Exercise goal:
Below are records with pictures in them. Transcribe everything from the line containing "據福克斯新聞報道,正在智利報" down to the line containing "ปารีส ^ผิวชั้นนอก + *ผลลัพธ์ขึ้นอยู่กับแต่ละบุคคล", exactly, and leave the pictures behind.

Records supplied:
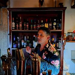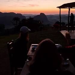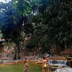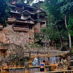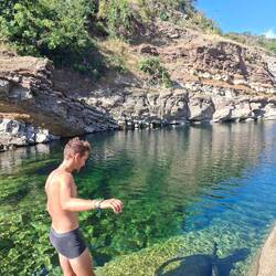 Les lieux sont magnifiques : les bassins ont été façonnés sur le lit de la rivière. Tout est pavé et joliment construit. Après un buffet bien copieux, nous allons nous baigner. L’eau est fraîche ! C’est la rivière, ça nous saisit. On se prélasse sur les transats, puis nous allons jouer aux cartes dans le bar qui domine les lieux. Lionel, notre ami du Rebelle, est là aussi. Il nous fait rire : il vient nous voir, verre de gin à la main — « Ce n’est pas possible, ils ne font que boire ici ! On n’a pas le temps de dire ouf ! »
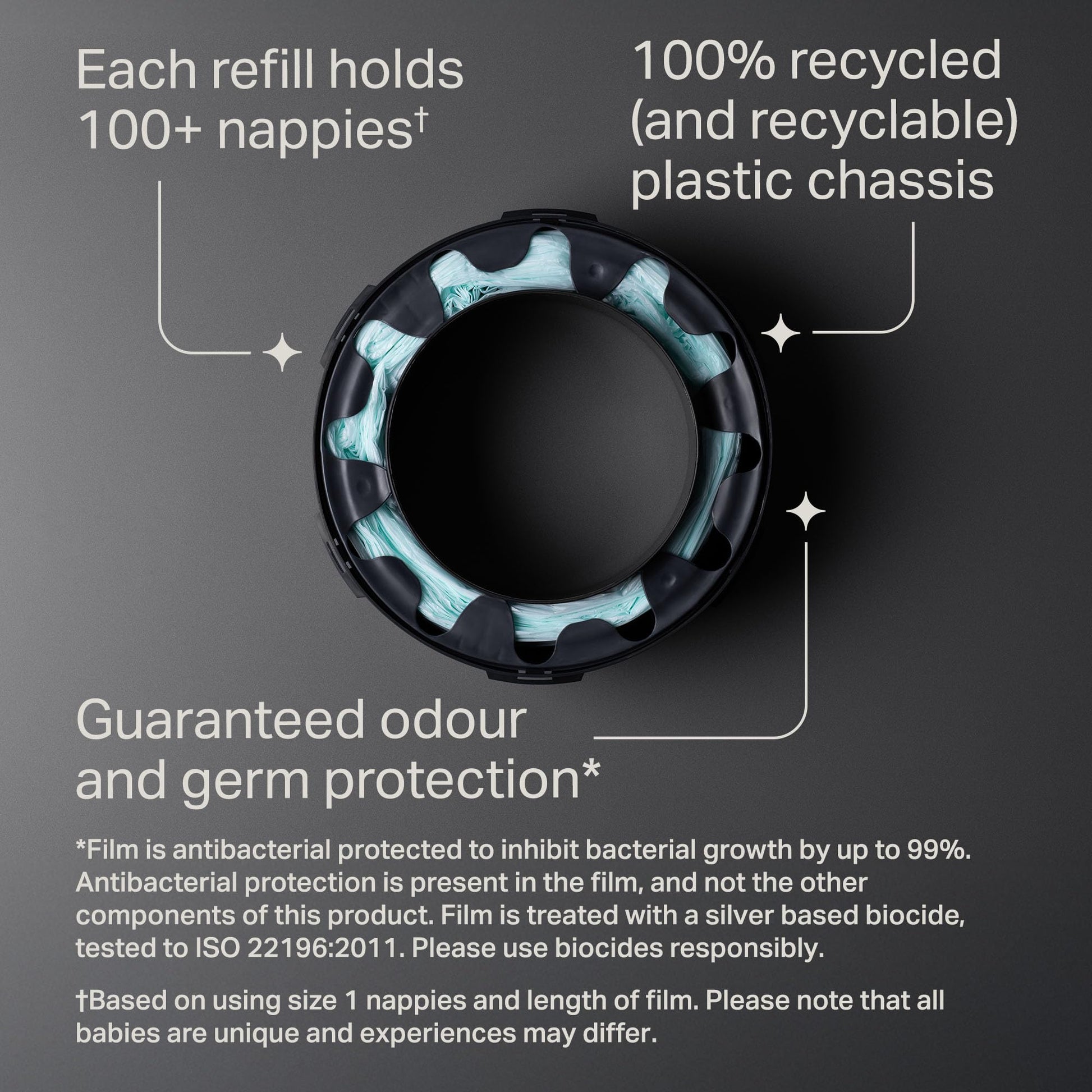 Tommee Tippee Twist & Click täitekassett aitab hoida kodu puhtana ja lõhnadevabana, pakkides iga määrdunud mähkme eraldi antibakteriaalsesse kilesse. Mitmekihiline GREENFILM kile neutraliseerib ebameeldivaid lõhnu ja hävitab kuni 99% kahjulikest bakteritest, pakkudes vanematele meelerahu. Kassett sobib kõigi Tommee Tippee Twist & Click ja Sangenic TEC mähkmekonteineritega. Ühe kassetiga saab ära visata ligikaudu kuu aja jagu mähkmeid (sõltuvalt mähkmete suurusest ja kasutamise sagedusest).
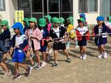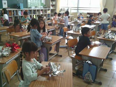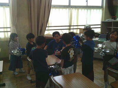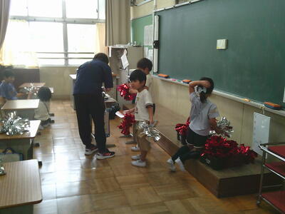 今日は、1年2組が運動会のダンスで使用するポンポンを作っていました。銀色と赤色のセットです。上手に開いたポンポンを友達に見せたり、開くのが難しい子は手伝ったもらったり、仲良く一生懸命作っていました。また、1年1組は、すでにポンポンが完成していました。机の横に銀色と青色のポンポンがかかっていました。休み時間には、けしピン大会の応援にさっそくポンポンが活躍していました。運動会は、1・2年生各2クラス、合計4色のポンポンで踊ります。今から楽しみです。
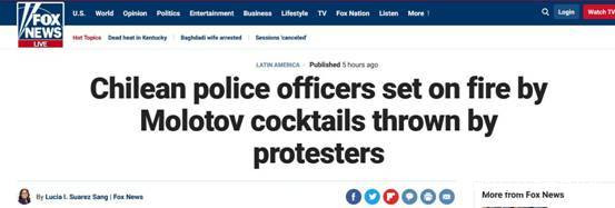 據福克斯新聞報道,正在智利報道示威活動的路透社東南亞地區首席攝影記者席爾瓦(Jorge Silva),當時站在聖地亞哥巴克達諾地鐵站附近時,看到了上述一幕。“我意識到一名警察因燃燒彈身上起火了,她的團隊正在努力滅火。”席爾瓦説。
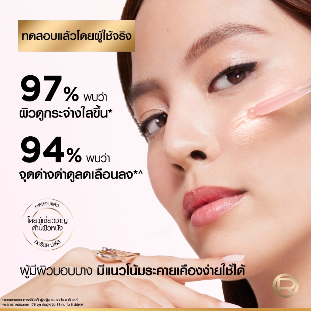 *ผลการทดสอบความพึงพอใจในอาสาสมัครจำนวน 125 ราย โดย LEAP เมื่อกันยายน - ตุลาคม 2020 + *ของลอรีอัล ปารีส ^ผิวชั้นนอก + *ผลลัพธ์ขึ้นอยู่กับแต่ละบุคคล
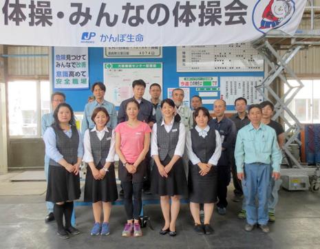 かんぽ生命布施支店が、ラジオ体操指導委員の大橋美加さんと、大阪府枚方市にある株式会社エスシー・マシーナリ大阪機械センターさまに「ラジオ体操☆おでかけワンポイントレッスン」にうかがいました。
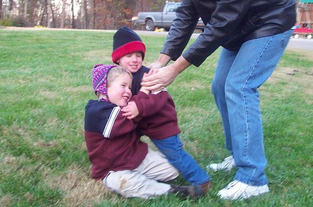 boys wrestle outside
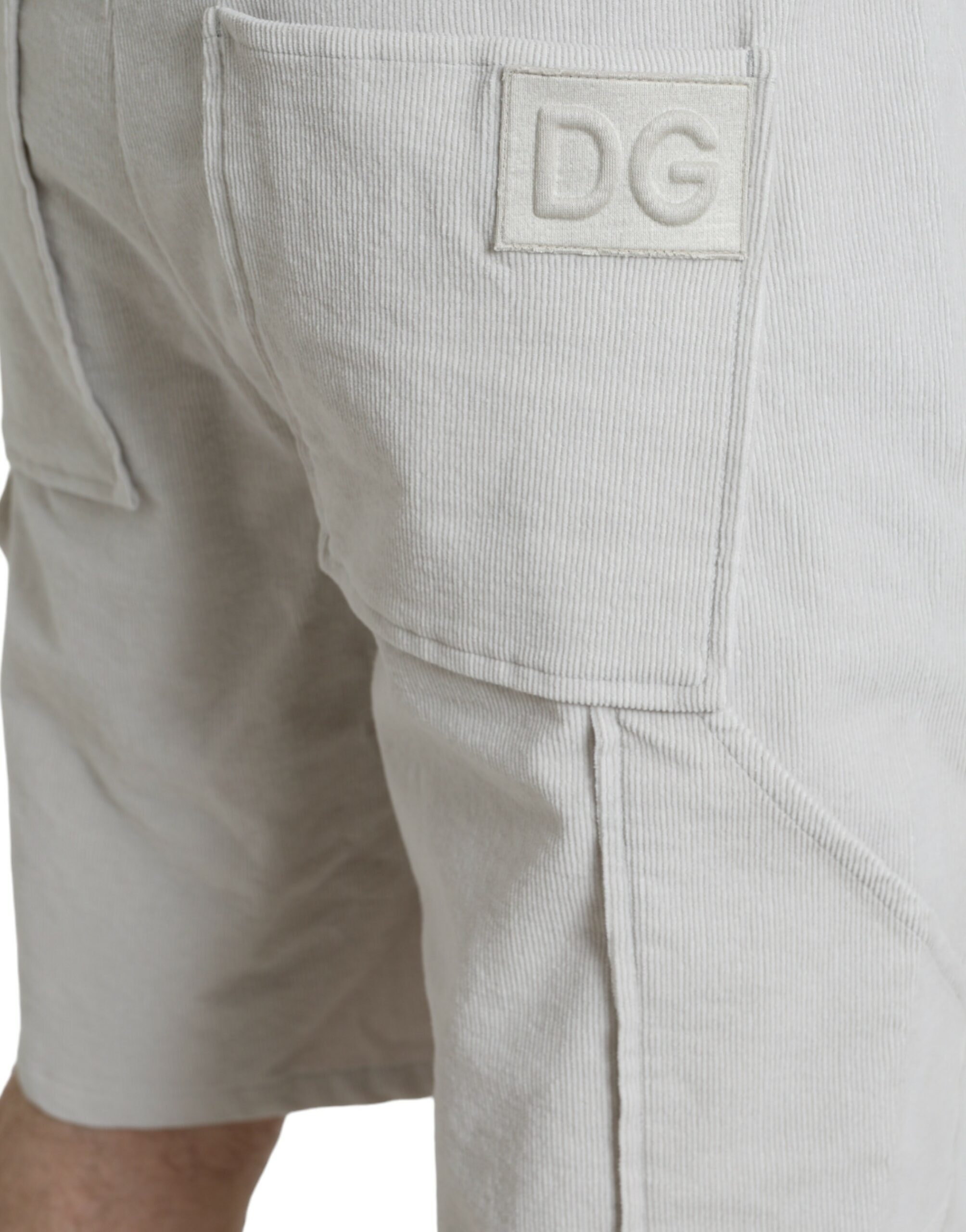 Beige Cotton Corduroy Logo Bermuda Shorts
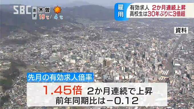 長野労働局によりますと、県内の9月の有効求人倍率は1.45倍で、2か月連続でわずかに上昇しましたが、前の年の9月よりは0.12ポイント低くなっています。
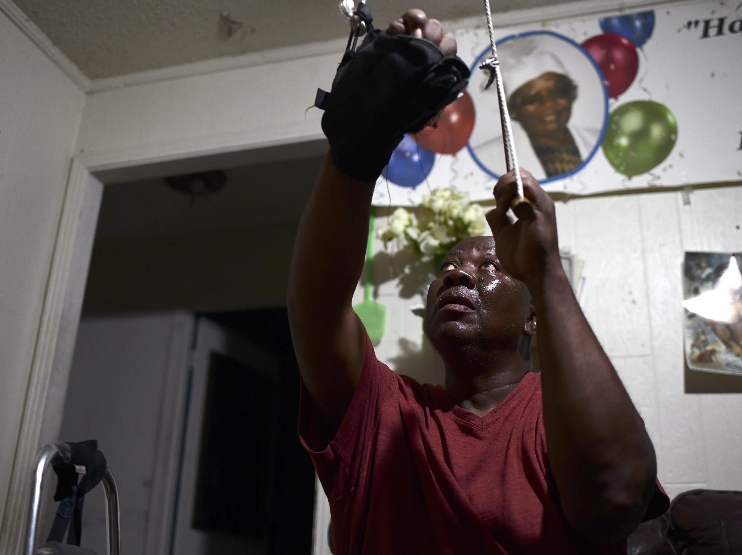 Orlando Morton exercises his right hand and arm using a pulley system his brother created by hammering nails through a leather waist belt in the ceiling at his home in Shelby, Mississippi.
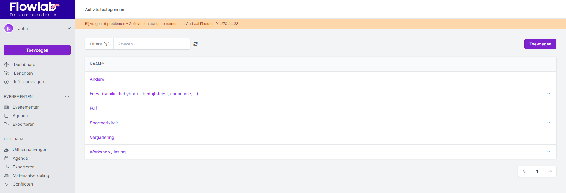 Via de pagina Activiteitscategorieën onder de module Zaalverhuur beheer je de verschillende categorieën van activiteiten die op een locatie kunnen plaatsvinden.
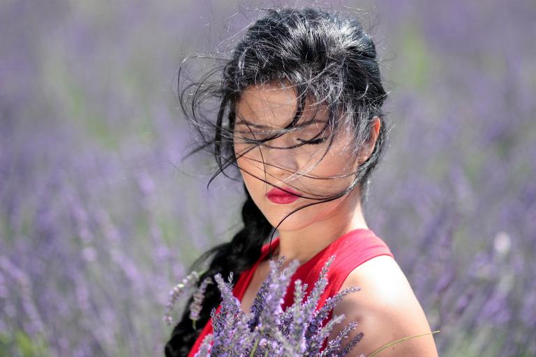 Keywords: girl lavender brunette blue eyes flowers beauty nature

Task result:
 據福克斯新聞報道,正在智利報道示威活動的路透社東南亞地區首席攝影記者席爾瓦(Jorge Silva),當時站在聖地亞哥巴克達諾地鐵站附近時,看到了上述一幕。“我意識到一名警察因燃燒彈身上起火了,她的團隊正在努力滅火。”席爾瓦説。
 *ผลการทดสอบความพึงพอใจในอาสาสมัครจำนวน 125 ราย โดย LEAP เมื่อกันยายน - ตุลาคม 2020 + *ของลอรีอัล ปารีส ^ผิวชั้นนอก + *ผลลัพธ์ขึ้นอยู่กับแต่ละบุคคล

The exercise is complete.